Trois chanteurs, Waed Bouhassoun, syrienne au timbre envoûtant, Lluis Vilamajo, ténor brillant et Furio Zanasi, baryton aux graves profonds, interviennent régulièrement sur des musiques françaises, espagnoles, italiennes ou arabes accompagnées de quelques instruments. Quelques morceaux sont donnés par un ou deux instrumentistes dont on peut admirer la technique éblouissante: Lingling Yu au pipa, Xin Liu au zheng, Rajery au valiha. Tandis que Prabhu Edouard aux tablas , percussions indiennes, et Pedro Estevan aux percussions soutiennent, en improvisant, le rythme de nombreux morceaux et que Guillermo Pérez à l’organetto en assure une sorte de continuo.
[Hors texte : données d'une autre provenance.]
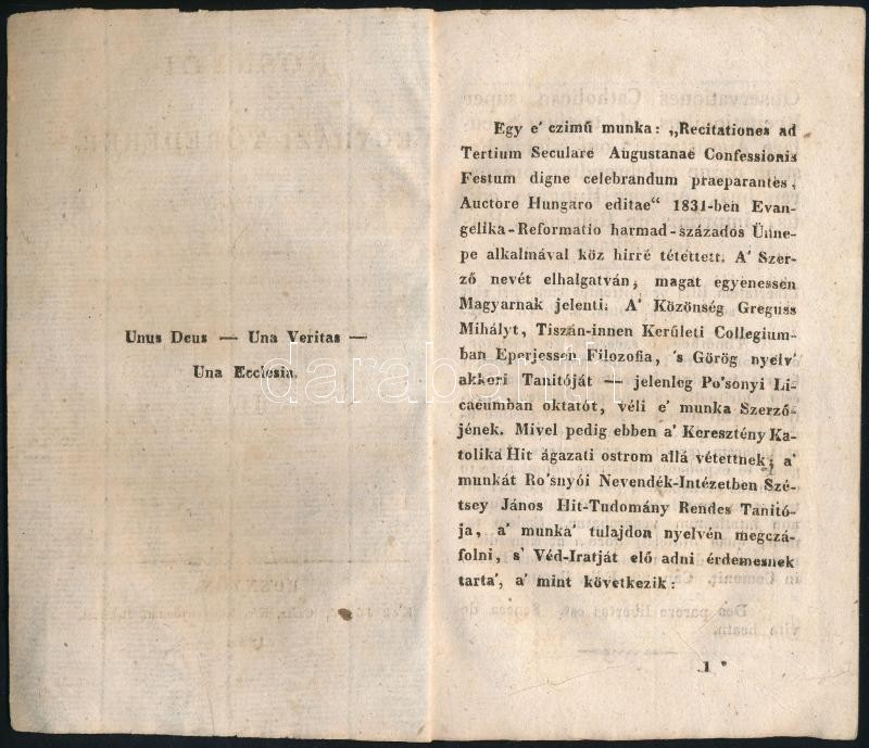Rosnyói egyházi töredékek I.II. Rozsnyó, 1834. Kek József. 55+55p. Tör...
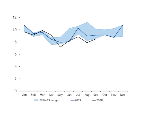 But Japanese LNG imports rose by 1pc on the year in September and were more robust than coal receipts in the third quarter, with import costs softening significantly as oil-linked prices continued to fall. Thermal coal imports fell by 11pc on the year in July-September, while LNG arrivals were down by only 4pc. This contrasted with the first half of 2020, when coal and LNG receipts fell by 2pc and 5pc, respectively.
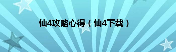仙4攻略心得(仙4下载)

On est frappé par les points communs à toutes ces musiques malgré les différences de timbres, d’accords, de rythmes, de puissance (toutes les voix et tous les instruments sont amplifiés avec habilité du fait de la taille de l’Auditorium), de mélodies et de ritournelles. Toutes parlent un même langage de poésie, de nature, de vie quotidienne, d’amour, de violence, de révolte, de nostalgie, de foi et d’espérance.
Jordi Savall, Hespèrion XXI et leurs invités nous enivrent de parfums connus et inconnus qui nous invitent à plus d’humanité. Immense succès : en bis deux hymnes à la Vierge Marie invitant à la paix. Une en libanais, l’autre en chinois.